ABSTRACT

The var gene encoded P. falciparum membrane protein-1 (PfEMP1) expressed at the infected red blood cell surface is an important target for the development of protective anti-malaria immunity and is implicated in the pathology of malaria through its ability to adhere to host endothelial receptors. Each parasite genome contains approximately 60 var gene copies and the parasite is thought to evade immune responses by presenting antigenically diverse PfEMP1 variants. It has been shown that a common and conserved subset of PfEMP1 is associated with severe malaria and thus expression of this subset may confer a selective advantage to the parasite in non-immune individuals, perhaps by allowing particularly efficacious endothelial sequestration and consequently high effective growth rates. This study aimed to define PfEMP1 subtypes and their functional differences.

The first fully sequenced P. falciparum genome (the 3D7 genome) enabled a comprehensive analysis of a single parasite's full var gene repertoire. The analysis showed that var genes can be divided into three major groups, A-C as well as at least three single copy inter-genomic conserved var genes var1-3 and allowed the design of both 3D7 var /PfEMP1 specific as well as universal var group specific real time PCR primers.

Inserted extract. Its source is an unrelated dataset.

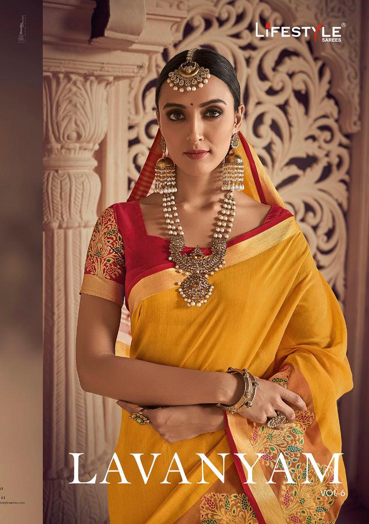 Lavanyam Vol 6 By Lifestyle 54381 Series Fancy Chanderi Weaving Silk Saree Wholesaler Surat
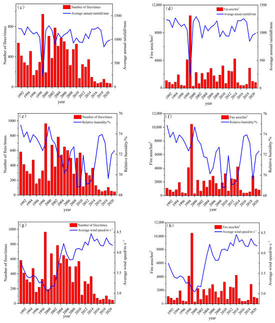Figure 5e displays the variation in the number of annual forest fires in Yunnan Province from 1991 to 2021 under different relative humidity conditions. It was observed that in years such as 1997, 1999, 2004, and 2010, the frequency of forest fires showed a significant negative correlation with lower relative humidity, indicating that reduced humidity levels may lead to more frequent fires. Similarly, Figure 5f reflects that in the aforementioned years, the areas affected by fires expanded with the decrease in relative humidity, highlighting the impact of dry conditions on increasing the scale and intensity of fires. A comprehensive analysis indicates a significant negative correlation between the rate and severity of forest fires in Yunnan Province and relative humidity, especially in years with the most notable number of fires and affected areas. This phenomenon underscores the critical role of relative humidity in forest fire prevention and risk assessment [51]. Therefore, in forest management strategies, meteorological factors like relative humidity should be integrated to optimize fire risk assessment models, enabling the formulation of more precise and effective prevention and control measures.

3D7 gene specific primers were used in real time PCR on 3D7 parasites isolated from experimentally infected malaria naïve volunteers. The study revealed that all var genes are transcribed at liver release but that var genes of type A were among the lowest transcribed and an increased expression of a subset of A and B var genes in parasites exhibiting with high multiplication rates. The 3D7 var gene specific primers were also applied to investigate the var gene transcription in the sexual stages of the parasite life cycle. The study showed that transcription in gametocytes is unlinked to var transcription in their asexual progenitors and suggested a programmed var transcription in favour of var group C genes.

Finally, the genetic organization of var genes was exploited to design var gene group specific primers for the investigation of var transcription in parasites collected from malaria infected Tanzanian children. Transcription of var group A and B genes were found to be higher in parasites from individuals suffering from severe malaria compared to parasites from individuals with uncomplicated malaria, whereas genes belonging to group C were transcribed at similar levels in both patient groups.

In conclusion, the present dissertation suggests that var subtypes can be defined based on primary sequence similarities, and that these represent a functional diversification of the PfEMP1 family that has relevance for the disease outcome. Further elucidation of var subfamilies and their function are important for the development of a PfEMP1 based anti-malaria vaccine.